The calculator adjusts cap rates based on four variables: care type (IL vs AL vs MC vs SNF), location (urban, suburban, or rural), property age, and occupancy status. Communities below 80% occupancy receive a distinct workflow reflecting the value-add discount buyers apply to understabilized assets.
For vacant communities, the calculator provides guidance on asset-only valuations and recommends professional advisory follow-up — because a vacant licensed community is valued on its real estate and license, not on operating income.
This calculator provides a preliminary estimate only. It is not a formal appraisal, certified valuation, or opinion of value for financing, legal, estate, or tax purposes. Results are based on generalized cap rate benchmarks and should be verified against current transaction comparables in your specific market. For a detailed advisory valuation with current comparable sales, payer mix analysis, and market-specific cap rate context — contact Haven. All advisory valuations are confidential and carry no obligation to sell.
Why Senior Housing Valuation
Is Unlike Any Other Real Estate
Senior housing is the only commercial real estate asset class where the value of the operating business — the license, the census, the staff, the referral relationships — is inseparable from the value of the physical real estate. Switching the operator of a conventional office building or apartment complex rarely affects the underlying asset value. In senior housing, the operator is the primary performance variable. A great operator in a modest building consistently outperforms a poor operator in a beautiful one.
Two Components, One Transaction
Most senior housing transactions — particularly assisted living, memory care, and skilled nursing — sell the integrated business and the real estate together as a going concern. The buyer is acquiring both simultaneously, and the value of each component is embedded in the total transaction price.
The Real Estate Component includes the land and building — valued on replacement cost, physical condition, and what an investor would pay for a triple-net lease on the same physical plant. A newly built, well-located 80-bed AL building has a real estate value independent of how well the business is operating.
The Business Component includes the operating license, the census, referral relationships, staff tenure, brand reputation, and operating systems. An 80-bed AL community running at 95% occupancy with a tenured DON and clean survey history has a business value that a vacant building cannot capture.

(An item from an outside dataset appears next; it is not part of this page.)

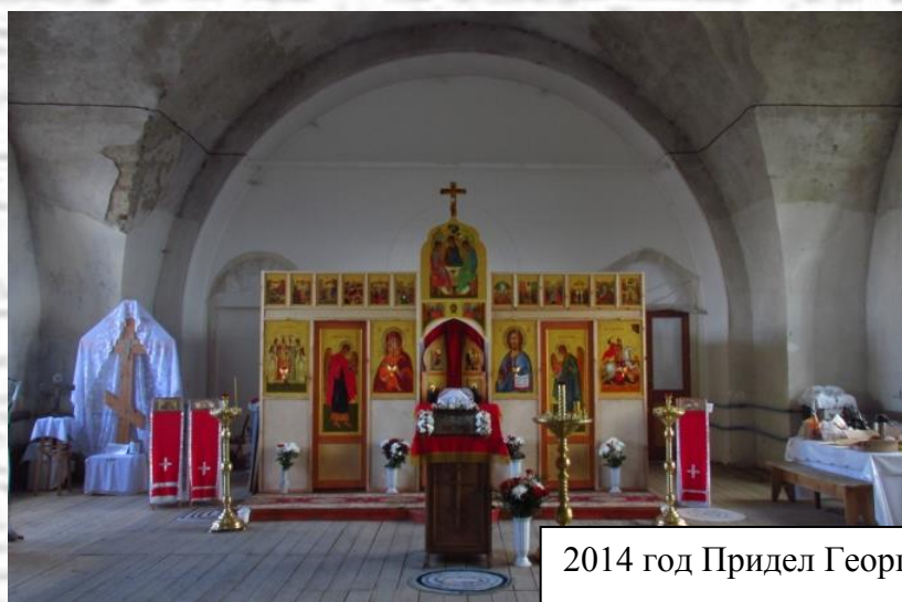
2014 год Придел Георгия Победоносца

Unlike multifamily or office, senior housing value cannot be assessed without understanding the operating performance. Two identical 80-bed buildings in the same market can differ in value by $2–3 million based entirely on occupancy, payer mix, survey history, and operator quality.
Sale-Leaseback vs Going Concern Structures
Some senior housing transactions are structured as a sale-leaseback — where the real estate and the operating business are sold separately. The owner sells the real estate to an investor (often a REIT or private equity fund) and simultaneously signs a long-term lease to continue operating the community. This structure separates the real estate value from the business value and allows operators to monetize their real estate while retaining operational control.
Most private-market AL and MC transactions below the institutional threshold (typically under $20M) are structured as integrated going-concern sales. The buyer acquires both components under a single purchase price. Haven advises on the optimal structure for each specific situation.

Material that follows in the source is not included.